This data is then run through a MurmurHash3 hashing algorithm to generate a unique fingerprint for each browser.

Singleton Pattern: Efficient and Effective

For the creation of the fingerprint, I've opted for the singleton design pattern. This ensures that the class is instantiated only once. On successive calls to the fingerprint function, the very same instance returns, facilitating faster caching of fingerprint data and swifter function calls. This approach has proven effective, especially when paired with API calls to authenticate that the user making a request was the same user who logged in and was issued the JWT.

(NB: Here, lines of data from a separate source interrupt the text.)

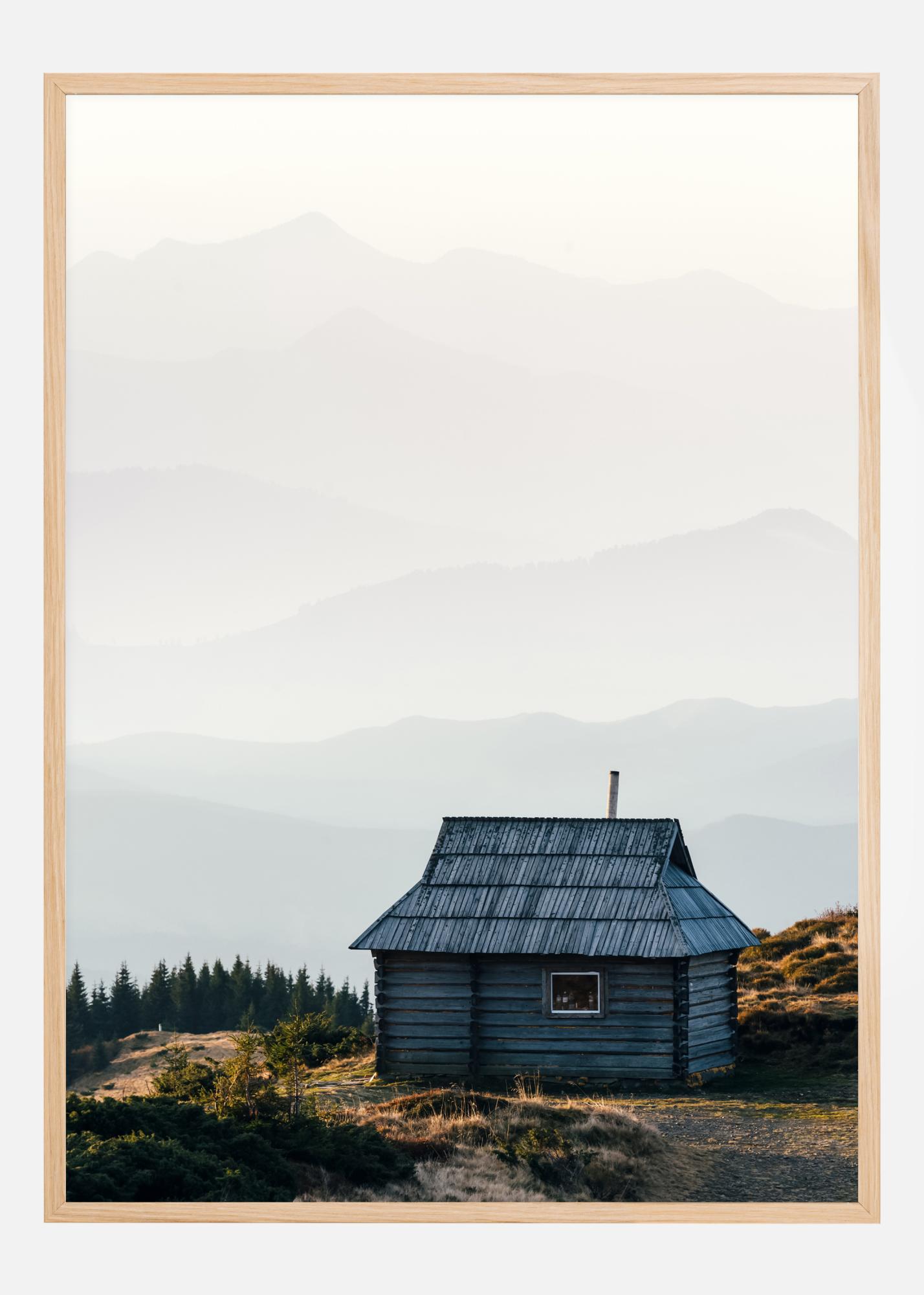 Μια απλή, μικρή μπλε καλύβα στην κορυφή ενός βουνού. Οι απομακρυσμένοι λόφοι στο θολό υπόβαθρο δημιουργούν μια μαγική εικόνα. Αριστερά της καλύβας, τα σκούρα πράσινα πεύκα προσθέτουν χρώμα σε αυτήν την απλή αλλά όμορφη αφίσα. Κρεμάστε την σε έναν φωτεινό τοίχο για να δώσετε μια αίσθηση χώρου.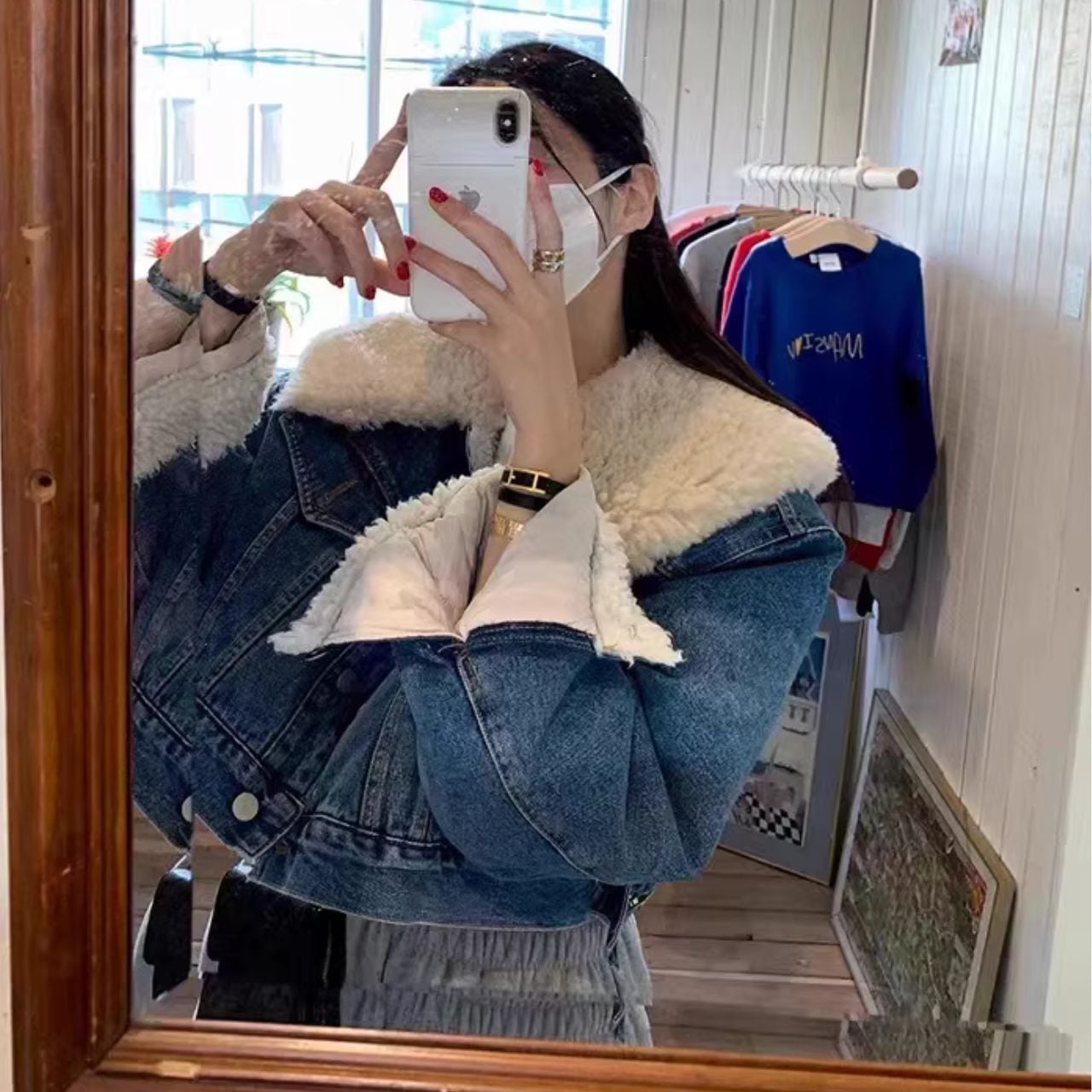 ♡可愛い 大き目ボア衿 ショート丈 裏ボア仕様 デニムジャケット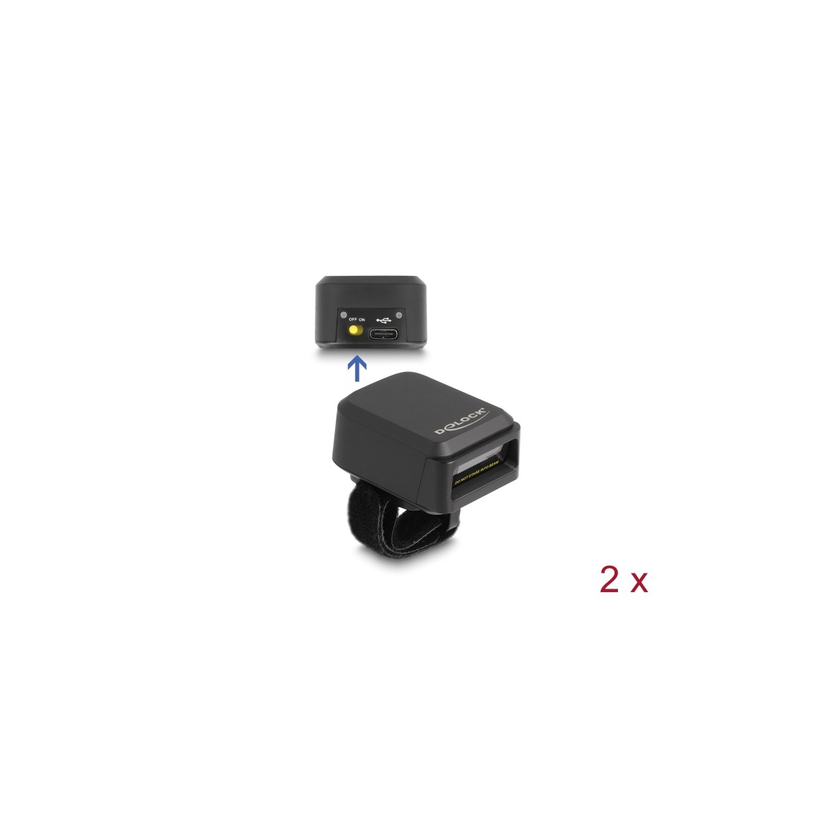 Delock Ring Barcode Scanner 1D and 2D with 2.4 GHz or Bluetooth (2 pieces) + Charging Station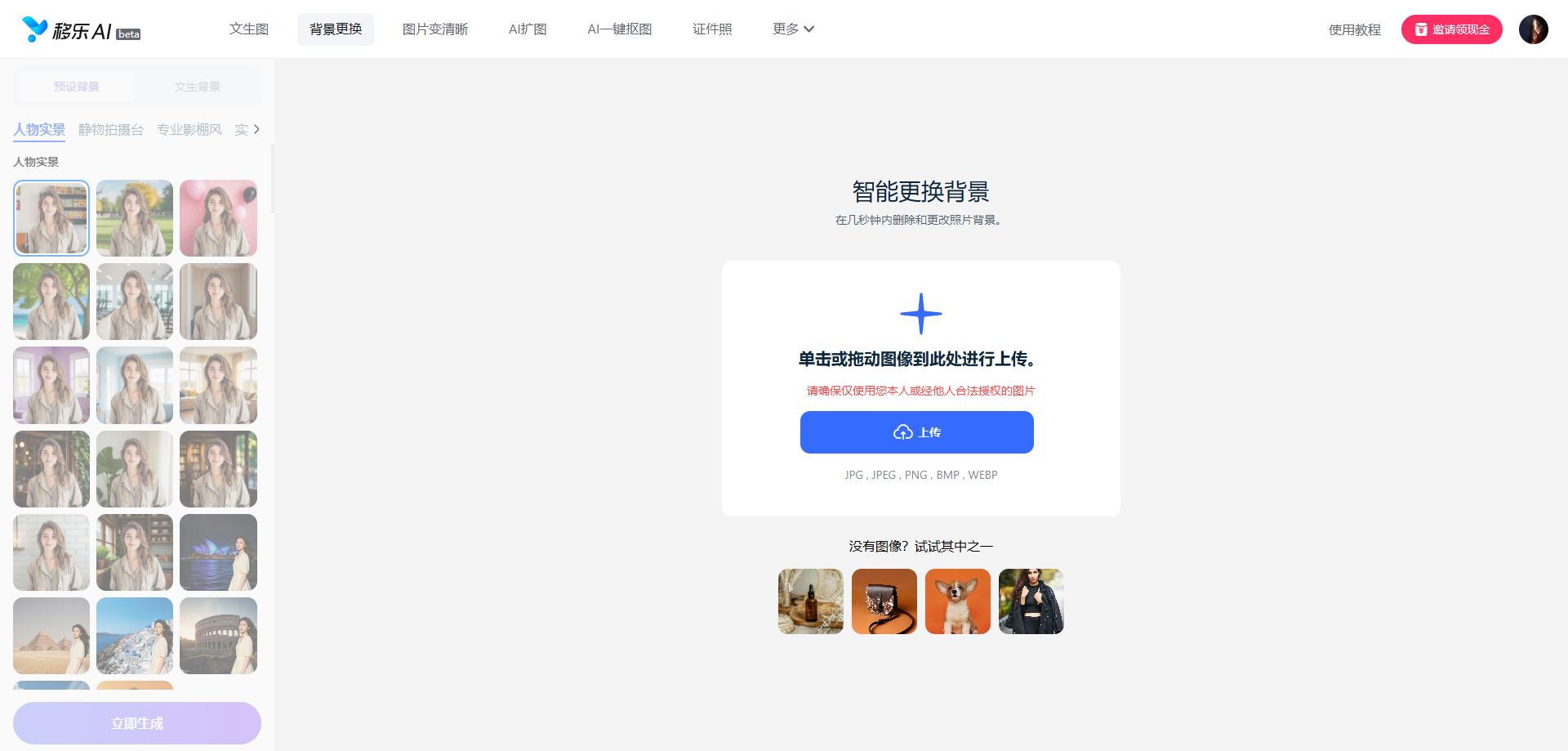 免费无限生成:移乐AI换背景工具完全免费使用,并且无限次生成,图片高清下载。

A Quick Tip on Hydration Errors

To avoid the hydration errors we get when using checks like typeof window !== 'undefined' in the logic, use the following approach: Import the fingerprintBrowser function from the package:

import { getBrowserFingerprint } from "fingerprint-browser";

Next, make use of it within a useEffect hook:

  const [browserFingerprint, setBrowserFingerprint] = useState("");
  useEffect(() => {
    setBrowserFingerprint(fingerprintBrowser());
  }, []);

This approach ensures that server-side rendering remains unaffected as hooks aren’t executed. Wrapping the window usage inside a useEffect triggered on mount ensures the client executes it post hydration.

Conclusion

To conclude, browser fingerprinting is an innovative, resilient, and essential tool for the modern web. I'm happy to have contributed to this domain, and I invite developers and enthusiasts to explore and provide feedback on my package :)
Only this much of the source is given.